| Task details |
Nothing except the pictures should be left out when you reproduce the listing exactly.

| Supplied material |
==========

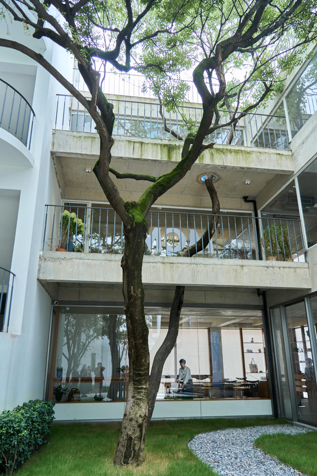 街区内现在有两家咖啡店入驻,一层是coffee spot的2.0版本、备受瞩目的「Spot Table」,二层是「Lumos」的树屋花房。一棵参天古树串起两家新店,有一种自然与建筑的奇妙共生感。身处这里,便能感到大自然的治愈能量~
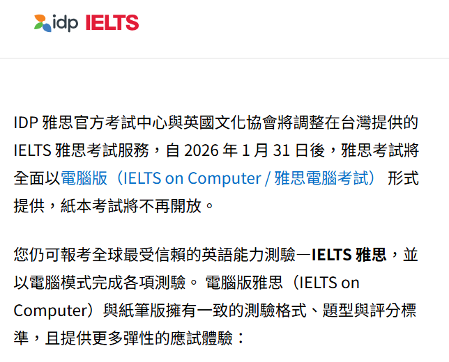 IDP雅思官方正式官宣将调整在中国台湾地区提供的雅思考试服务——自2026年1月31日起全面切换机考模式,纸笔考试将不再开放。
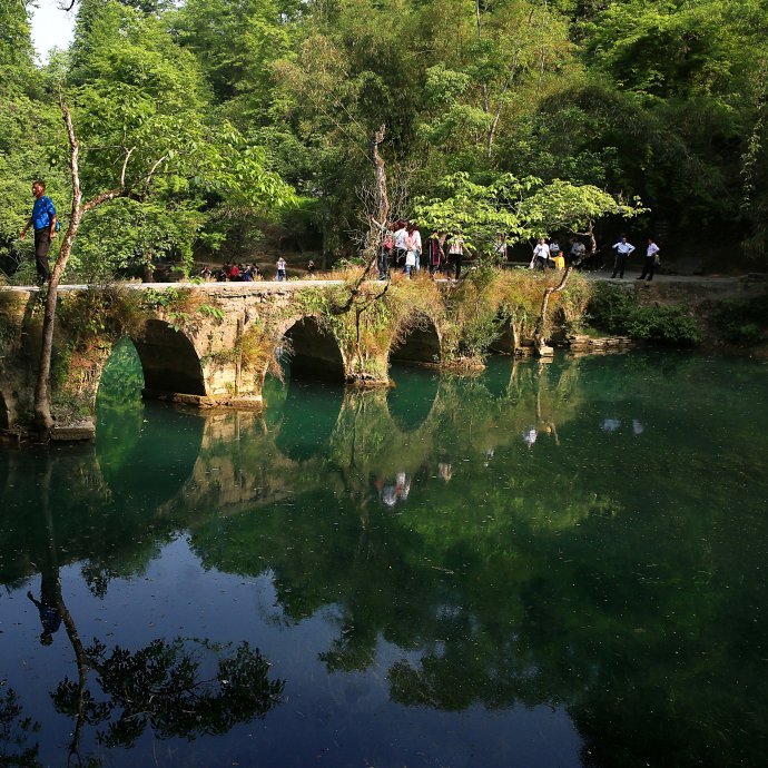 小七孔古桥:位于景区之首,景区之名由桥而得。这是一座小巧玲珑的七孔古石桥,桥长25米,桥面宽4米,拱高4米,建于清道光15(1836)年,昔为沟通荔波至广西的重要桥梁。桥由麻石条砌成,桥身爬满藤蔓和蕨类;古色古香的桥下是绿得令人心醉的涵碧潭。两岸古木参天,巨大的虬枝沿着桥伸臂,宛如巨伞撑在桥上。
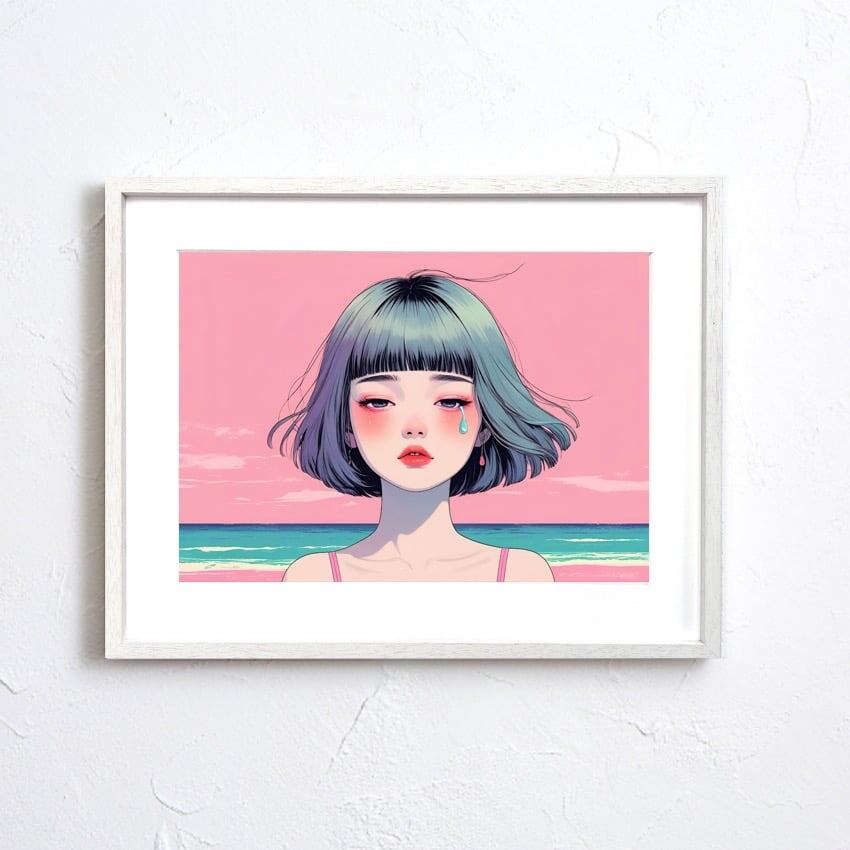 Pink Tide Tears|涙と海が溶け合うボブヘア少女のアートポスター|感情を映すピンクの空と静かな波|モダン人物画|A2ポスター

==========

| Task answer |
 街区内现在有两家咖啡店入驻,一层是coffee spot的2.0版本、备受瞩目的「Spot Table」,二层是「Lumos」的树屋花房。一棵参天古树串起两家新店,有一种自然与建筑的奇妙共生感。身处这里,便能感到大自然的治愈能量~
 IDP雅思官方正式官宣将调整在中国台湾地区提供的雅思考试服务——自2026年1月31日起全面切换机考模式,纸笔考试将不再开放。
 小七孔古桥:位于景区之首,景区之名由桥而得。这是一座小巧玲珑的七孔古石桥,桥长25米,桥面宽4米,拱高4米,建于清道光15(1836)年,昔为沟通荔波至广西的重要桥梁。桥由麻石条砌成,桥身爬满藤蔓和蕨类;古色古香的桥下是绿得令人心醉的涵碧潭。两岸古木参天,巨大的虬枝沿着桥伸臂,宛如巨伞撑在桥上。
 Pink Tide Tears|涙と海が溶け合うボブヘア少女のアートポスター|感情を映すピンクの空と静かな波|モダン人物画|A2ポスター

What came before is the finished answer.